PROBLEM DETAILS
Give again, word for word, every line below from the one that has "其中的吐魯番木卡姆節(jié" through the one that has "El Palmeiras dejó", both included, and no others.

(Beginning of MATERIAL PROVIDED)

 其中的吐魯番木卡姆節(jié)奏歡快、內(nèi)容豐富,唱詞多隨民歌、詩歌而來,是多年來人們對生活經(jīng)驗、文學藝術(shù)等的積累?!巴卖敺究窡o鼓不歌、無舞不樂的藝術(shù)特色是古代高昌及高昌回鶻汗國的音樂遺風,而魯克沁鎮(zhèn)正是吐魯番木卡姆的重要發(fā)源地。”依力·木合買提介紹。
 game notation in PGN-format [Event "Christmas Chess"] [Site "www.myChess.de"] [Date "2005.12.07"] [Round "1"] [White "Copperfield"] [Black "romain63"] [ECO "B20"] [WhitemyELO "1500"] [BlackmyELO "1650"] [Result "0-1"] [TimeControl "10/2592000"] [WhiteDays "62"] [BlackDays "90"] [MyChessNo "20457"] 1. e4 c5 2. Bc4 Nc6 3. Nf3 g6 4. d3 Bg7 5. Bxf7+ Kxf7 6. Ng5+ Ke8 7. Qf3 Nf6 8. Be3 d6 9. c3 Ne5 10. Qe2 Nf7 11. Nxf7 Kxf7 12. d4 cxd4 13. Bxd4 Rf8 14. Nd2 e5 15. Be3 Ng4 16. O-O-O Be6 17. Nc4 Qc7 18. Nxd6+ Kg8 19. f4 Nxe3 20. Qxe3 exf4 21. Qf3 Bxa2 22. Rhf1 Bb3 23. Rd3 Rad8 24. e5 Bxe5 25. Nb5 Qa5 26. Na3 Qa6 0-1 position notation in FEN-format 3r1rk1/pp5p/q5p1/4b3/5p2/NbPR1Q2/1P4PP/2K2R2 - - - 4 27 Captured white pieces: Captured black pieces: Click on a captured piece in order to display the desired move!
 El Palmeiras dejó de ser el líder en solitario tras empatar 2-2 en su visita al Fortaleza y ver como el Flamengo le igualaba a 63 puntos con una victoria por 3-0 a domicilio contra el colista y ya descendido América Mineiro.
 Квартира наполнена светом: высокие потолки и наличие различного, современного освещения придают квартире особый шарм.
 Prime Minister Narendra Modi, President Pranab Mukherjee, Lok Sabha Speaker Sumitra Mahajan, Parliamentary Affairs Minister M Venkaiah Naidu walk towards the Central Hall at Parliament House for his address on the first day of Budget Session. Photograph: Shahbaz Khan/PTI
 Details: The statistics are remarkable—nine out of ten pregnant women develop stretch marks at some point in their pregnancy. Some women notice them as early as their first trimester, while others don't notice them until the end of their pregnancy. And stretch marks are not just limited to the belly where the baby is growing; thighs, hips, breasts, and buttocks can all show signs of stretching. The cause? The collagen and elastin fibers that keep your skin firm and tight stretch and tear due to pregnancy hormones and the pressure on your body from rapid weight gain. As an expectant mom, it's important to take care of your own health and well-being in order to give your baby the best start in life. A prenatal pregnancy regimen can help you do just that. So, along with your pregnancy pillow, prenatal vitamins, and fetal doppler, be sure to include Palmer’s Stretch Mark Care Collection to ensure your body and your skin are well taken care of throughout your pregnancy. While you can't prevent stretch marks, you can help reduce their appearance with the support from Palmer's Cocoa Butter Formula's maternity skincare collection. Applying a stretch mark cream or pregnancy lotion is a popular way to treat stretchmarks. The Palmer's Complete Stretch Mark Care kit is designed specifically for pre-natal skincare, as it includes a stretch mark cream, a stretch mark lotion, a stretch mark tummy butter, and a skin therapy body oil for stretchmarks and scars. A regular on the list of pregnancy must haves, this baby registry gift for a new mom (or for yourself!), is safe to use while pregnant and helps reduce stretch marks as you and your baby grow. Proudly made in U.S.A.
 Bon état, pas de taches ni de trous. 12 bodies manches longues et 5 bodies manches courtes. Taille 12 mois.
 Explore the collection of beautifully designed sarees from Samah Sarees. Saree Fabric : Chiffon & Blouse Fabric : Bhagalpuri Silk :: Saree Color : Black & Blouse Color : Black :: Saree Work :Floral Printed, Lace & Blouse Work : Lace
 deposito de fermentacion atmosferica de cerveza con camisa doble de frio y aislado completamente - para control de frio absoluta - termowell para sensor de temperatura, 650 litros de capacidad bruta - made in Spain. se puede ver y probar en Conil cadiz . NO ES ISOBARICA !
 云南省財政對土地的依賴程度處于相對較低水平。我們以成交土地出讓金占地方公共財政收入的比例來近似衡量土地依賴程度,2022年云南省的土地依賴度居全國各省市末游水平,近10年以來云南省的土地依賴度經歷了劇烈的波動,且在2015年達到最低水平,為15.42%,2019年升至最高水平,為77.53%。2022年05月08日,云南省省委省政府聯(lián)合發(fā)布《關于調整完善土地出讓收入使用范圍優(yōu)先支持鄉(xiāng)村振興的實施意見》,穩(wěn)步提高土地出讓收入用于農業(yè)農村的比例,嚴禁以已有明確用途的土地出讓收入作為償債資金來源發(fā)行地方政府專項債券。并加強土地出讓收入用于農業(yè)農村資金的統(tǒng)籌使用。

(End of MATERIAL PROVIDED)
(Beginning of MATERIAL PROVIDED)

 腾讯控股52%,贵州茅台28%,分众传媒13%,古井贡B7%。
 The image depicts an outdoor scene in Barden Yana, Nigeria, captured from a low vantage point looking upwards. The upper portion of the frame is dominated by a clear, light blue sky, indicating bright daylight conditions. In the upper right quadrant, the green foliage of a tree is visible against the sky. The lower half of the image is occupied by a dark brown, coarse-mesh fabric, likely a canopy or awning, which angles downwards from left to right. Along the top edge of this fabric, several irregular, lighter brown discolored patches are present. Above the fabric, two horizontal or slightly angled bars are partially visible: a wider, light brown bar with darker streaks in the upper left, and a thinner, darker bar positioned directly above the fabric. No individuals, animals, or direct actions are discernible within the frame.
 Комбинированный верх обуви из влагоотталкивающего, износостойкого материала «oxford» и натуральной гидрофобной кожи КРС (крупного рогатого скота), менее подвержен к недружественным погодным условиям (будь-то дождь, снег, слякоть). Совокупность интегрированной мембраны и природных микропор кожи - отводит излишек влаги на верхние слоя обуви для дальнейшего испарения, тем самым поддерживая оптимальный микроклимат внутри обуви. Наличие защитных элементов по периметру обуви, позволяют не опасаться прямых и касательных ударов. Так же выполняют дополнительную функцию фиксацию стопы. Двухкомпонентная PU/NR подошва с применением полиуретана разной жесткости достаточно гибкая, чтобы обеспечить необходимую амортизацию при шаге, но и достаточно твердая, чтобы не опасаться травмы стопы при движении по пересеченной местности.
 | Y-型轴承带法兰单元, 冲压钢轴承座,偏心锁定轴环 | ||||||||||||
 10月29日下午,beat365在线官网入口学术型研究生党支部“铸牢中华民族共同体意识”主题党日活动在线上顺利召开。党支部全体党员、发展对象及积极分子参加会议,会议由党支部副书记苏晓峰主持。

(End of MATERIAL PROVIDED)
(Beginning of MATERIAL PROVIDED)

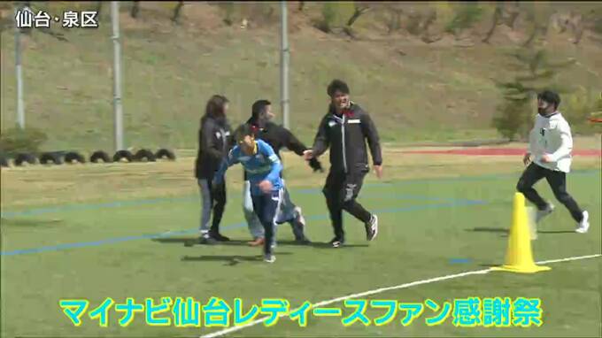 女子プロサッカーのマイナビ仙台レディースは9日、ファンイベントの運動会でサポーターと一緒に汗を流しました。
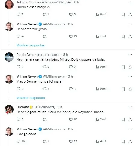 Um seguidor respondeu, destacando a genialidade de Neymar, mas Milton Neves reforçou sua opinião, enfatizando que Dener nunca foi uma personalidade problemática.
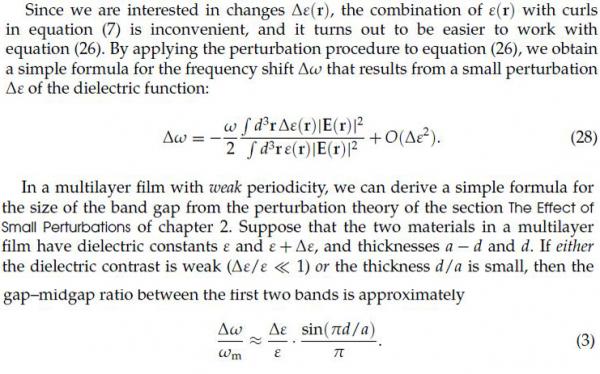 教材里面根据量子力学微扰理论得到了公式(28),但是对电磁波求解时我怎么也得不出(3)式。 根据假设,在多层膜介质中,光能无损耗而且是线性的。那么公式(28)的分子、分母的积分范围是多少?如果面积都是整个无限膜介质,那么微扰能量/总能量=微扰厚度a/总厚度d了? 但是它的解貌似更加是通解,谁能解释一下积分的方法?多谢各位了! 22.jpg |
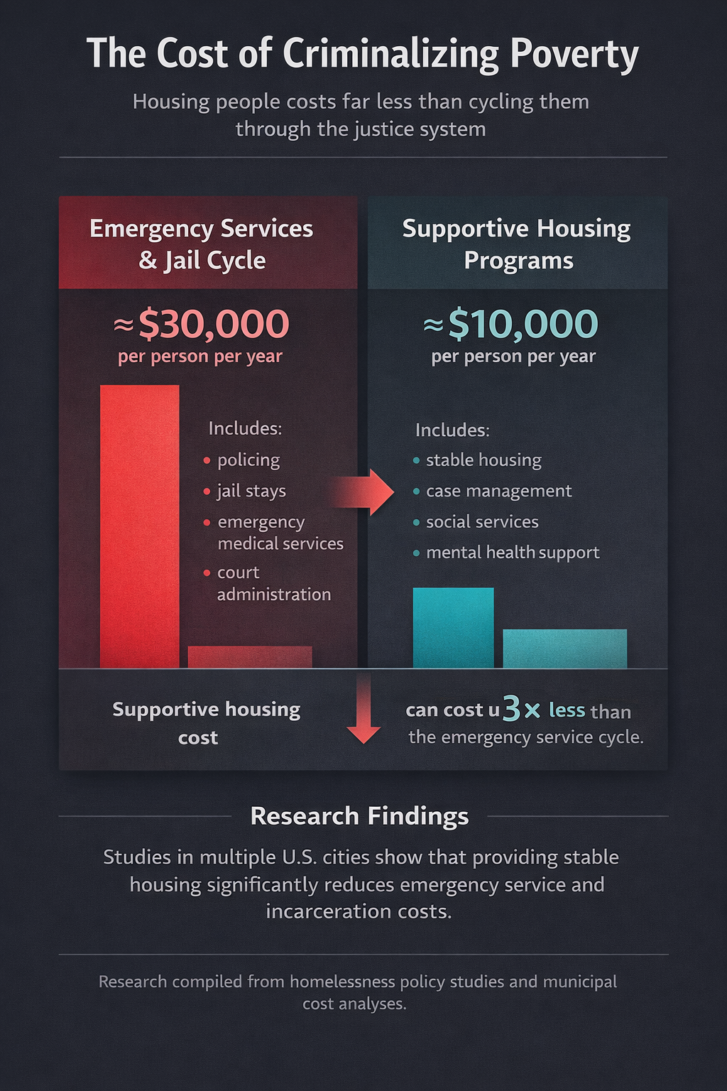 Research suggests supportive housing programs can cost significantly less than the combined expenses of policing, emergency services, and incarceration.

(End of MATERIAL PROVIDED)

SOLUTION
 其中的吐魯番木卡姆節(jié)奏歡快、內(nèi)容豐富,唱詞多隨民歌、詩歌而來,是多年來人們對生活經(jīng)驗、文學藝術(shù)等的積累?!巴卖敺究窡o鼓不歌、無舞不樂的藝術(shù)特色是古代高昌及高昌回鶻汗國的音樂遺風,而魯克沁鎮(zhèn)正是吐魯番木卡姆的重要發(fā)源地。”依力·木合買提介紹。
 game notation in PGN-format [Event "Christmas Chess"] [Site "www.myChess.de"] [Date "2005.12.07"] [Round "1"] [White "Copperfield"] [Black "romain63"] [ECO "B20"] [WhitemyELO "1500"] [BlackmyELO "1650"] [Result "0-1"] [TimeControl "10/2592000"] [WhiteDays "62"] [BlackDays "90"] [MyChessNo "20457"] 1. e4 c5 2. Bc4 Nc6 3. Nf3 g6 4. d3 Bg7 5. Bxf7+ Kxf7 6. Ng5+ Ke8 7. Qf3 Nf6 8. Be3 d6 9. c3 Ne5 10. Qe2 Nf7 11. Nxf7 Kxf7 12. d4 cxd4 13. Bxd4 Rf8 14. Nd2 e5 15. Be3 Ng4 16. O-O-O Be6 17. Nc4 Qc7 18. Nxd6+ Kg8 19. f4 Nxe3 20. Qxe3 exf4 21. Qf3 Bxa2 22. Rhf1 Bb3 23. Rd3 Rad8 24. e5 Bxe5 25. Nb5 Qa5 26. Na3 Qa6 0-1 position notation in FEN-format 3r1rk1/pp5p/q5p1/4b3/5p2/NbPR1Q2/1P4PP/2K2R2 - - - 4 27 Captured white pieces: Captured black pieces: Click on a captured piece in order to display the desired move!
 El Palmeiras dejó de ser el líder en solitario tras empatar 2-2 en su visita al Fortaleza y ver como el Flamengo le igualaba a 63 puntos con una victoria por 3-0 a domicilio contra el colista y ya descendido América Mineiro.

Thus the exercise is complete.